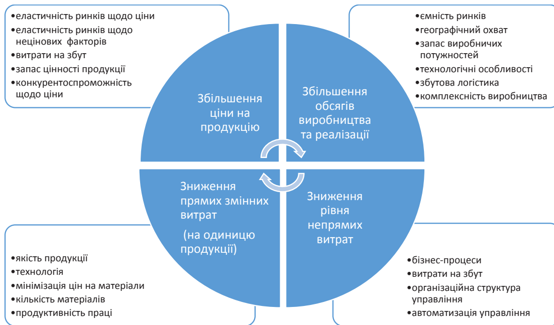
Рис. 1. Стратегії управління зоною беззбитковості підприємства

Як відомо, аналіз беззбитковості ґрунтується на розподілі витрат на постійні та змінні, які в сумі визначають собівартість продукції. До постійних витрат відносять ті, які не змінюються зі збільшенням або зменшенням обсягів виробництва продукції. Змінні ж витрати коливаються пропорційно до таких змін. Зде-
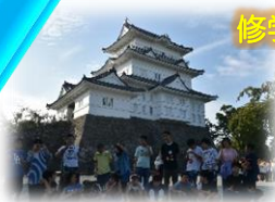
感動を共有する学校行事
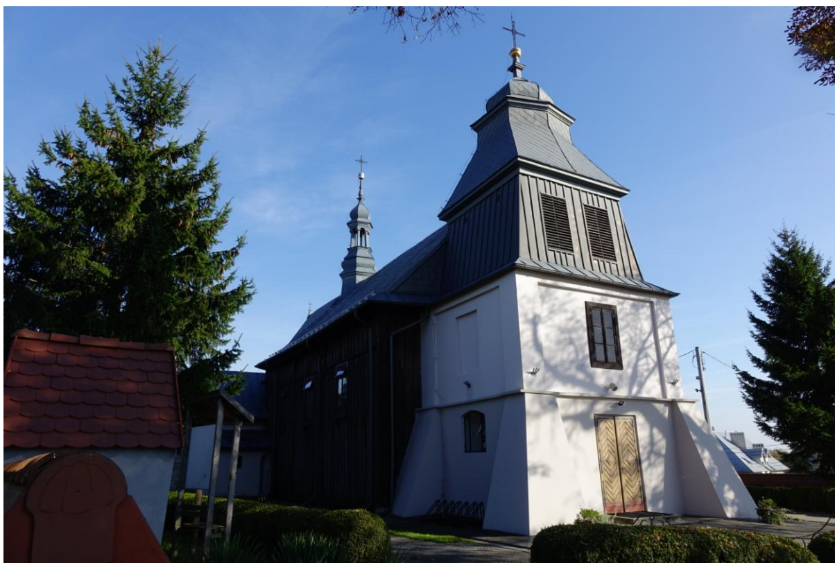
Zdjęcie 18. Drewniany kościół pw. św. Stanisława Biskupa Męczennika w Świniarach.
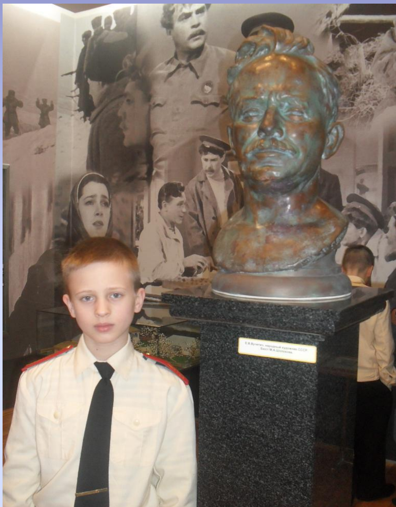
Фото. Мемориальная комната-музей М.А.Шолохова в МККК им.М.А.Шолохова.
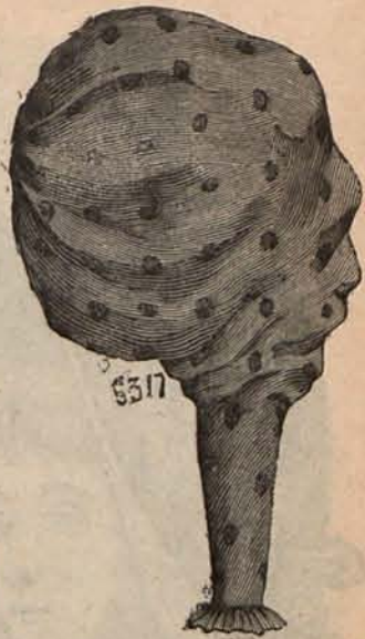
Num. 10.—Manga para traje de calle.

El tocado que se adopte con el traje que acabo de describir, debe consistir en un sombrerito masculino de paja gris, con cinta del mismo color y hebilla haciendo juego con la del cinturón; los guantes serán de cabritilla gris, y el calzado también gris, compuesto de medias de borra de seda y altas botinas cerradas con cordones de seda.
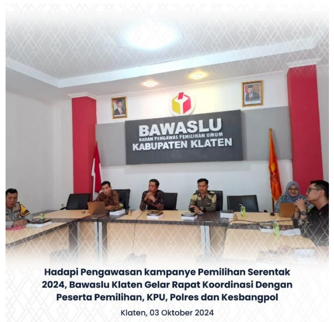
Hadapi Pengawasan kampanye Pemilihan Serentak 2024, Bawaslu Klaten Gelar Rapat Koordinasi Dengan Peserta Pemilihan, KPU, Polres dan Kesbangpol Klaten, 03 Oktober 2024
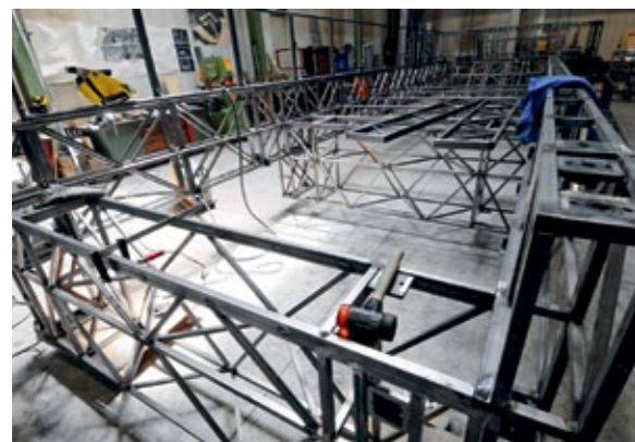
Stahlgerüst für »Wir erreichen den Fluss«

wird virtuell aufgebaut. In unterschiedlichen Farben leuchten die verschiedenen Baugruppen – die Abschnitte, die in der Schlosserei später zusammengeschweißt werden. »Wir versuchen, die Dekoration so zu konstruieren, dass sie auf der Bühne so schnell wie möglich zusammengebaut werden kann. Auf- und Abbauprozesse sind streng eingetaktet in den Bühnenbetrieb. Im Allgemeinen muss ein Bühnenbild innerhalb von drei Stunden stehen. Aber natürlich müssen wir uns dabei an die Höchstmaße halten. Was beispielsweise länger als 7,4 Meter ist, passt weder in den Aufzug zur Bühne noch in den Transporter.«
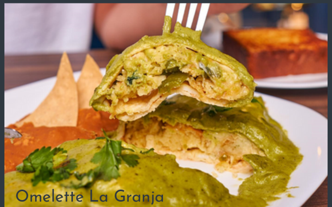
Omelette La Granja

Tres huevos revueltos con machaca y verdura, frijoles de la casa, salsa tatemada, queso guisado y tortillas de harina.
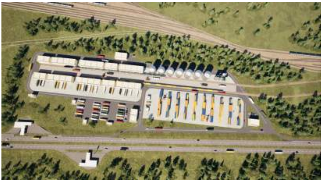
Рис. 1. Візуалізація проектної території

Територію проектування передбачено для влаштування транспортного підприємства у зв'язку з приляганням колії залізничного транспорту з південної та західної сторони. Проектом передбачається 2 залізничних колій, а також розміщення на ділянці складських приміщень, передбачено місце для зберігання як вантажного так і легкового транспорту. Спроектовано систему внутрішніх доріг та проїздів в межах розробки детального плану. Також передбачено влаштування додаткової під'їзної дороги та розміщення складів III ступеня вогнестійкості двох типів розмірів: 48*12 та 24*12 м.
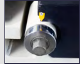
Bıçak Sentil Ayarı Blade Gap Adjustment
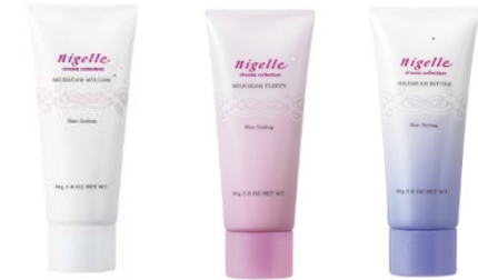
<ミルククリームシリーズ>
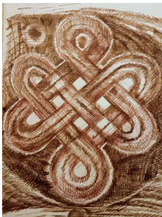
Pongrácz Éva rajza

2017. április 16-án, 17-én, 19-én és 20-án
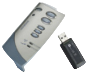
mimio® Wireless Modul und USB-Empfänger
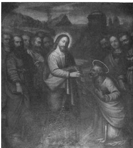
San Pietro riceve le chiavi - particolare

* Fosciandora - Restaurate due opere a Lupinaia Quest'anno, in occasione della festa del patrono di Lupinaia, San Pietro, i festeggiamenti nel paese fosciandorino hanno assunto una particolare rilevanza e solennità.
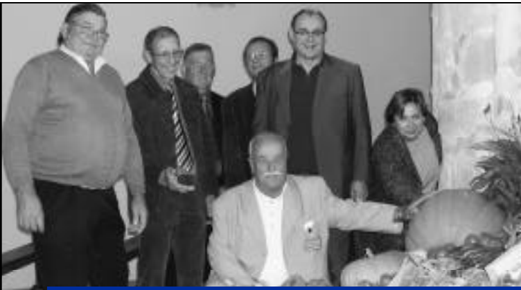
13 septembre, jardins familiaux, messe Saint Fiacre, Église de bouillant.
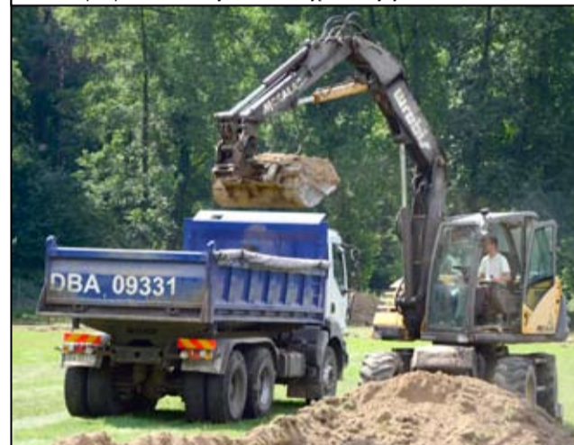
To będzie piękny obiekt. Trzeba tylko jeszcze trochę poczekać...

........

The task » Set down the material exactly, every line of it, except for the pictures.

Task result »
Рис. 1. Стратегії управління зоною беззбитковості підприємства

Як відомо, аналіз беззбитковості ґрунтується на розподілі витрат на постійні та змінні, які в сумі визначають собівартість продукції. До постійних витрат відносять ті, які не змінюються зі збільшенням або зменшенням обсягів виробництва продукції. Змінні ж витрати коливаються пропорційно до таких змін. Зде-
感動を共有する学校行事
Zdjęcie 18. Drewniany kościół pw. św. Stanisława Biskupa Męczennika w Świniarach.
Фото. Мемориальная комната-музей М.А.Шолохова в МККК им.М.А.Шолохова.
Num. 10.—Manga para traje de calle.

El tocado que se adopte con el traje que acabo de describir, debe consistir en un sombrerito masculino de paja gris, con cinta del mismo color y hebilla haciendo juego con la del cinturón; los guantes serán de cabritilla gris, y el calzado también gris, compuesto de medias de borra de seda y altas botinas cerradas con cordones de seda.
Hadapi Pengawasan kampanye Pemilihan Serentak 2024, Bawaslu Klaten Gelar Rapat Koordinasi Dengan Peserta Pemilihan, KPU, Polres dan Kesbangpol Klaten, 03 Oktober 2024
Stahlgerüst für »Wir erreichen den Fluss«

wird virtuell aufgebaut. In unterschiedlichen Farben leuchten die verschiedenen Baugruppen – die Abschnitte, die in der Schlosserei später zusammengeschweißt werden. »Wir versuchen, die Dekoration so zu konstruieren, dass sie auf der Bühne so schnell wie möglich zusammengebaut werden kann. Auf- und Abbauprozesse sind streng eingetaktet in den Bühnenbetrieb. Im Allgemeinen muss ein Bühnenbild innerhalb von drei Stunden stehen. Aber natürlich müssen wir uns dabei an die Höchstmaße halten. Was beispielsweise länger als 7,4 Meter ist, passt weder in den Aufzug zur Bühne noch in den Transporter.«
Omelette La Granja

Tres huevos revueltos con machaca y verdura, frijoles de la casa, salsa tatemada, queso guisado y tortillas de harina.
Рис. 1. Візуалізація проектної території

Територію проектування передбачено для влаштування транспортного підприємства у зв'язку з приляганням колії залізничного транспорту з південної та західної сторони. Проектом передбачається 2 залізничних колій, а також розміщення на ділянці складських приміщень, передбачено місце для зберігання як вантажного так і легкового транспорту. Спроектовано систему внутрішніх доріг та проїздів в межах розробки детального плану. Також передбачено влаштування додаткової під'їзної дороги та розміщення складів III ступеня вогнестійкості двох типів розмірів: 48*12 та 24*12 м.
Bıçak Sentil Ayarı Blade Gap Adjustment
<ミルククリームシリーズ>
Pongrácz Éva rajza

2017. április 16-án, 17-én, 19-én és 20-án
mimio® Wireless Modul und USB-Empfänger
San Pietro riceve le chiavi - particolare

* Fosciandora - Restaurate due opere a Lupinaia Quest'anno, in occasione della festa del patrono di Lupinaia, San Pietro, i festeggiamenti nel paese fosciandorino hanno assunto una particolare rilevanza e solennità.
13 septembre, jardins familiaux, messe Saint Fiacre, Église de bouillant.
To będzie piękny obiekt. Trzeba tylko jeszcze trochę poczekać...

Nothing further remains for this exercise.